## Exercise goal
In the data below, find the line with "宮崎 園子さん (ジャーナリスト、元朝日新聞記者)..." and output it along with every later line, exactly, but not the pictures.

## Available data
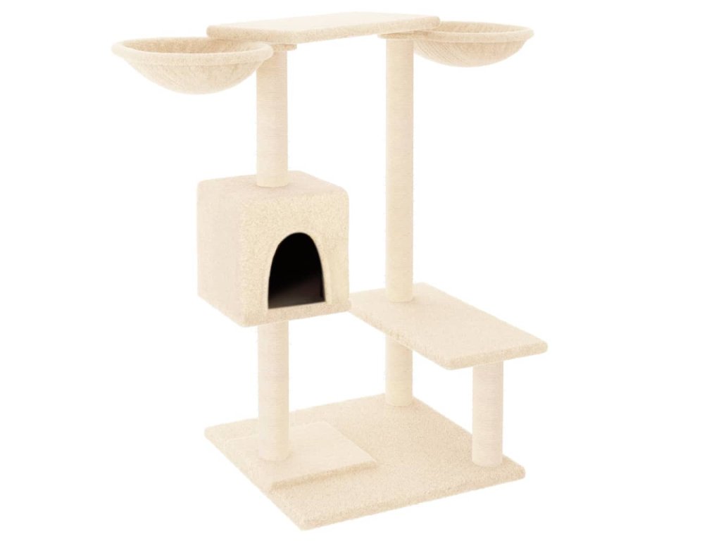 - Přírodní sisalové sloupky: Odolné a pevné sloupky s přírodním sisalem tohoto škrabadla dokonale uspokojí škrabací instinkt koček a zabrání jim poškrábat váš nábytek.
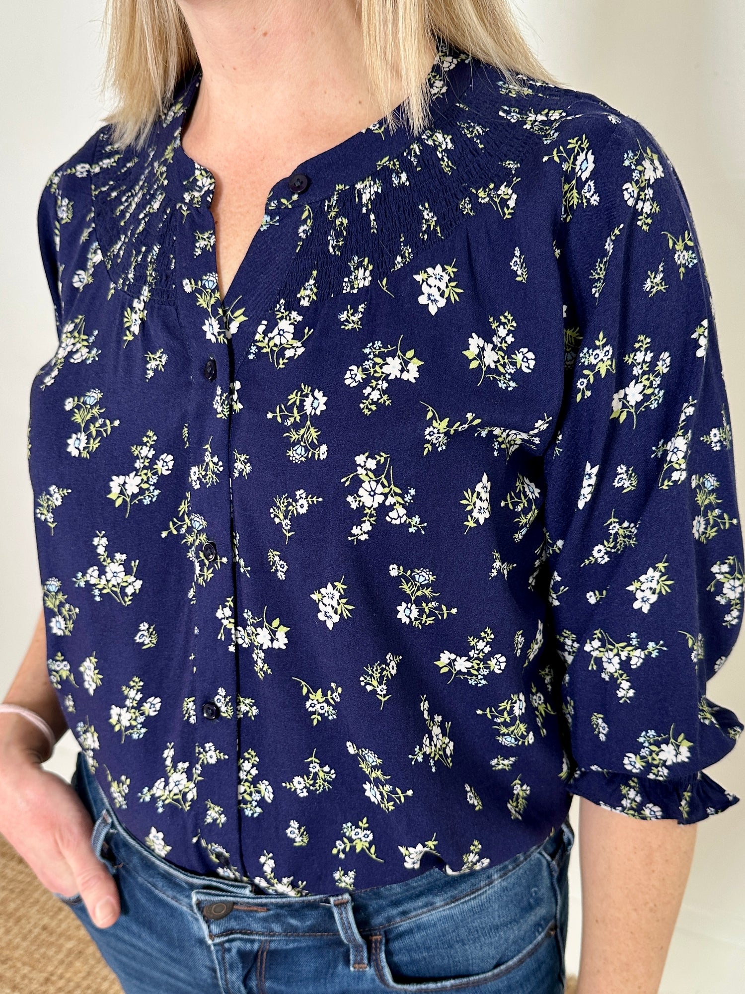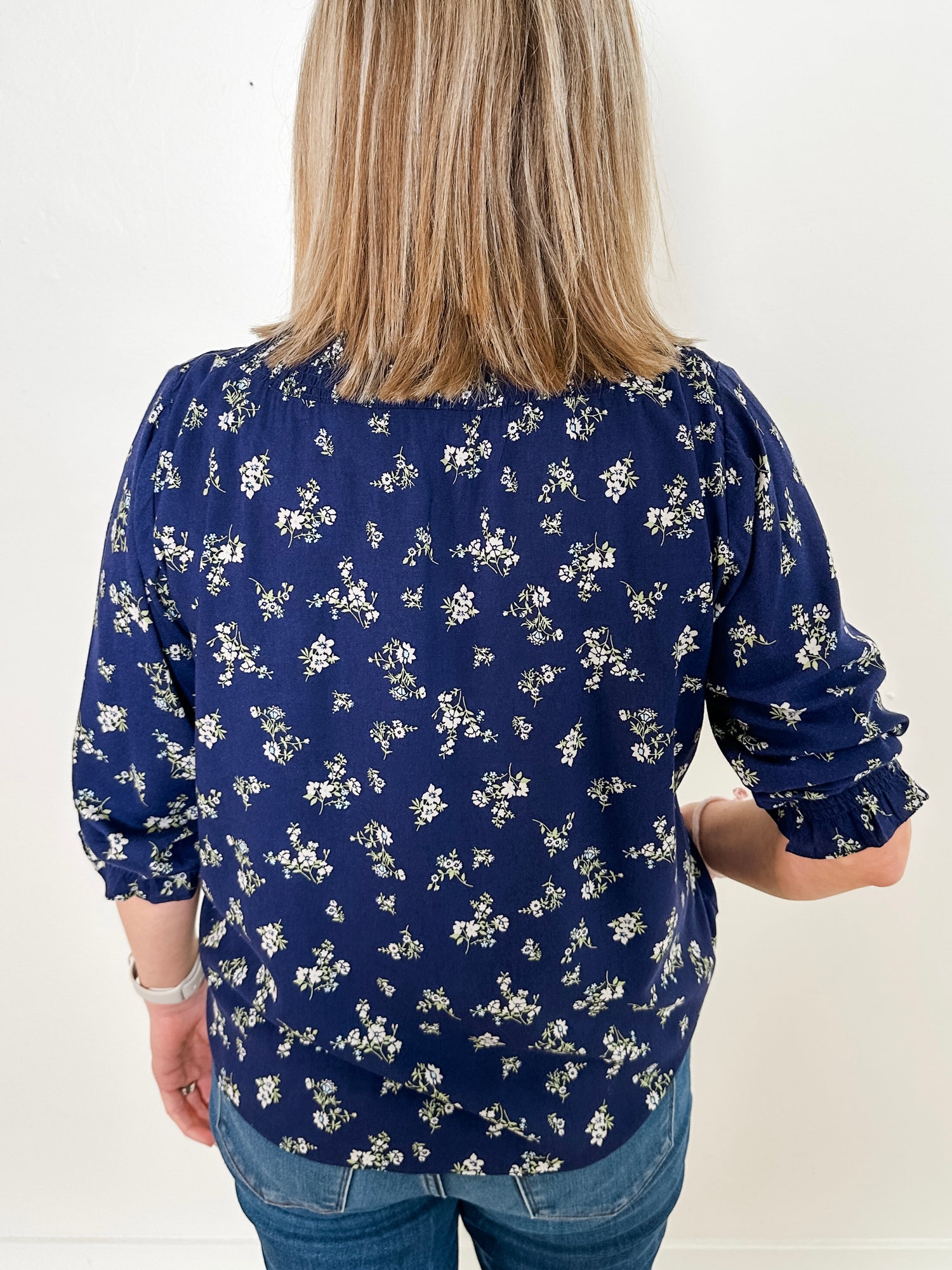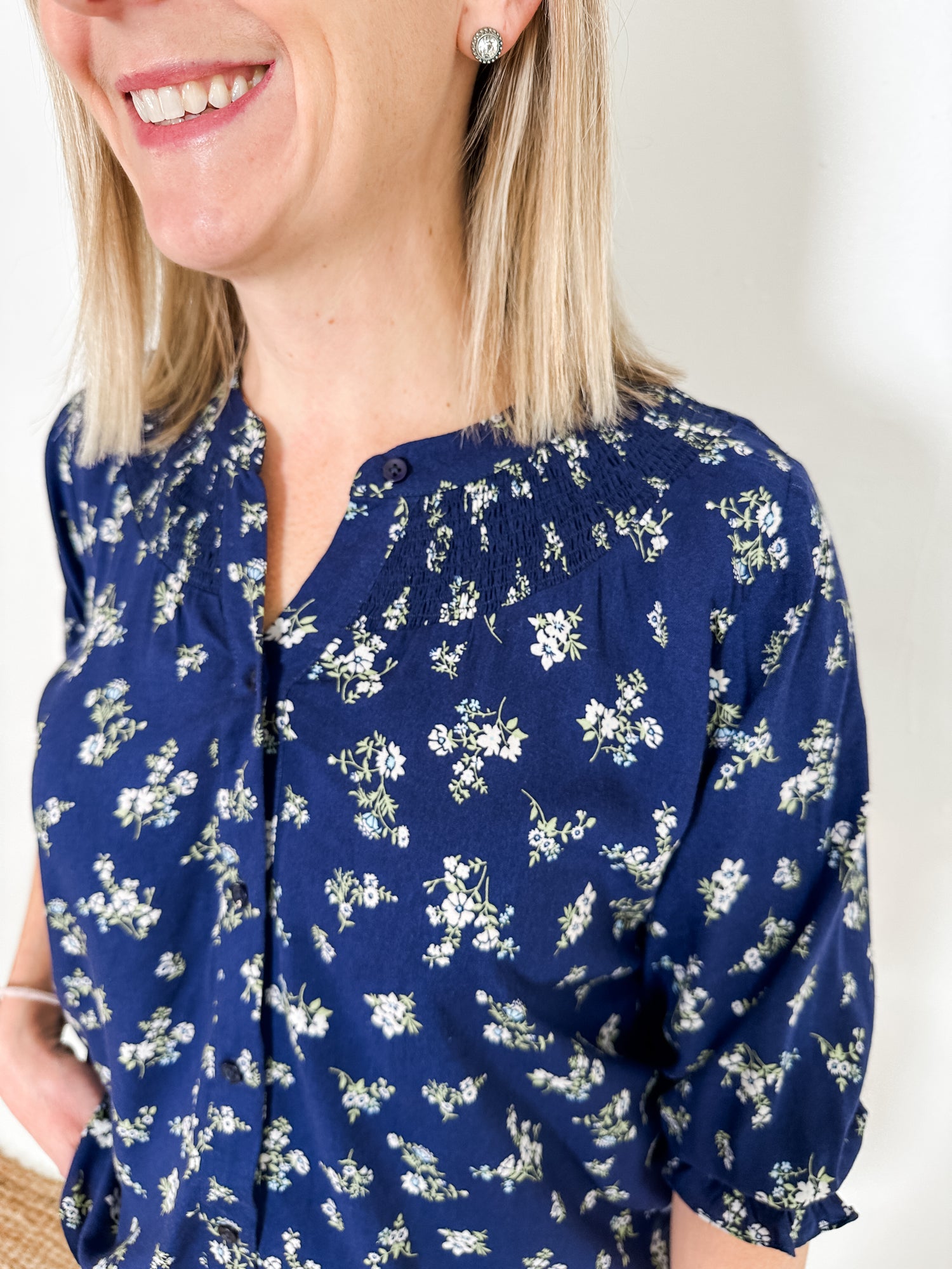 - Model wearing typical size in a top. Elisabeth wearing Blue/White Floral size S, Kelly navy floral wearing size M
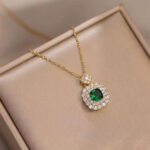 Κολιέ Με Κρεμαστή Τετράγωνη Ροζέτα Και Πέτρα Ζιργκόν – Χρυσό Πράσινο
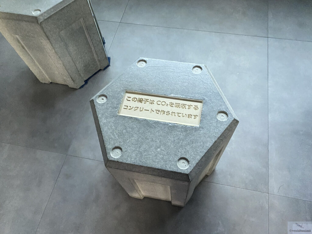 メインは鹿島建設の重すぎるスタンプ。二酸化炭素を吸い込む特殊なコンクリートの展示です。
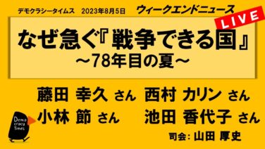 【今週のテーマ】・戦争させない覚悟・万博・カジノと維新政治・沸騰する地球、どう生き残る?【出演】 北丸 雄二さん (ジャーナリスト) 三木 由希子さん (情報公開クリアリングハウス理事長) 宮崎 園子さん (ジャーナリスト、元朝日新聞記者)...
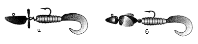 Для усиления шумовой и световой игры джиг-головка может снабжаться вращающимся элементом: пропеллером или турбинкой (рис. 39). На крючок, как и в большинстве остальных случаев, одевается резиновая насадка. Такая приманка кажется предпочтительнее, т. к. привлекает рыбу и звуком, и светом. К сожалению, это довольно редкие головки, которых у нас практически нет, поэтому детальная проверка высказанного предположения впереди.

## Exercise response
 【今週のテーマ】・戦争させない覚悟・万博・カジノと維新政治・沸騰する地球、どう生き残る?【出演】 北丸 雄二さん (ジャーナリスト) 三木 由希子さん (情報公開クリアリングハウス理事長) 宮崎 園子さん (ジャーナリスト、元朝日新聞記者)...
 Для усиления шумовой и световой игры джиг-головка может снабжаться вращающимся элементом: пропеллером или турбинкой (рис. 39). На крючок, как и в большинстве остальных случаев, одевается резиновая насадка. Такая приманка кажется предпочтительнее, т. к. привлекает рыбу и звуком, и светом. К сожалению, это довольно редкие головки, которых у нас практически нет, поэтому детальная проверка высказанного предположения впереди.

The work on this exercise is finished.